Since SUP is a common format choice for interactive use, the -s flag is shorthand for -f sup. Also, -S is a shortcut for -f sup with -pretty 2 as described below.

And since plain JSON is another common format choice, the -j flag is a shortcut for -f json and -J is a shortcut for pretty-printing JSON.

Note

Having the default output format dependent on the terminal status causes an occasional surprise (e.g., forgetting -f or -s in a scripted test that works fine on the command line but fails in CI). However, this avoids problematic performance where a data pipeline deployed to production accidentally uses SUP instead of CSUP. Since super gracefully handles any input, this would be hard to detect. Alternatively, making CSUP always be default would cause much annoyance when binary data is written to the terminal.

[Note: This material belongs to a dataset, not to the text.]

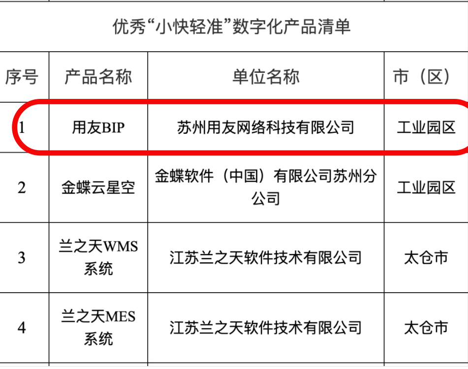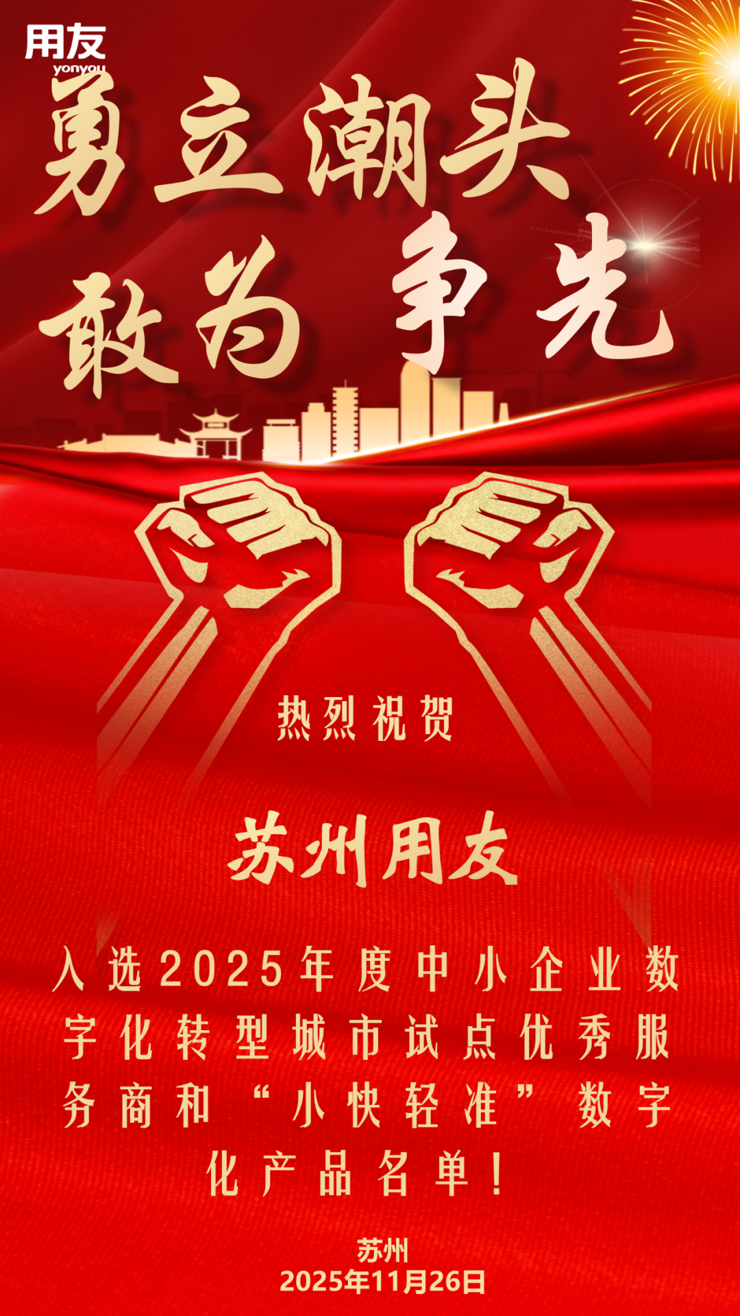 在此次公示中,苏州用友凭借突出的技术实力与丰富的行业服务经验,成功跻身 2025 年度中小企业数字化转型城市试点 9 家优秀服务商及 5 个优秀 “小快轻准” 数字化产品之列。

If no query is specified with -c, the inputs are scanned without modification and output in the specified format providing a convenient means to convert files from one format to another, e.g.,

super -f arrows -o out.arrows file1.json file2.parquet file3.csv

Pretty Printing

SUP and plain JSON text may be “pretty printed” with the -pretty option, which takes the number of spaces to use for indentation. As this is a common option, the -S option is a shortcut for -f sup -pretty 2 and -J is a shortcut for -f json -pretty 2.

For example,

echo '{a:{b:1,c:[1,2]},d:"foo"}' | super -S -

produces

{
  a: {
    b: 1,
    c: [
      1,
      2
    ]
  },
  d: "foo"
}

and

echo '{a:{b:1,c:[1,2]},d:"foo"}' | super -f sup -pretty 4 -

produces

{
    a: {
        b: 1,
        c: [
            1,
            2
        ]
    },
    d: "foo"
}

When pretty printing, colorization is enabled by default when writing to a terminal, and can be disabled with -color false.

Pipeline-friendly Formats

Though they’re compressed formats, CSUP and BSUP data are self-describing and stream-oriented and thus is pipeline friendly.

Since data is self-describing you can simply take super-structured output of one command and pipe it to the input of another. It doesn’t matter if the value sequence is scalars, complex types, or records. There is no need to declare or register schemas or “protos” with the downstream entities.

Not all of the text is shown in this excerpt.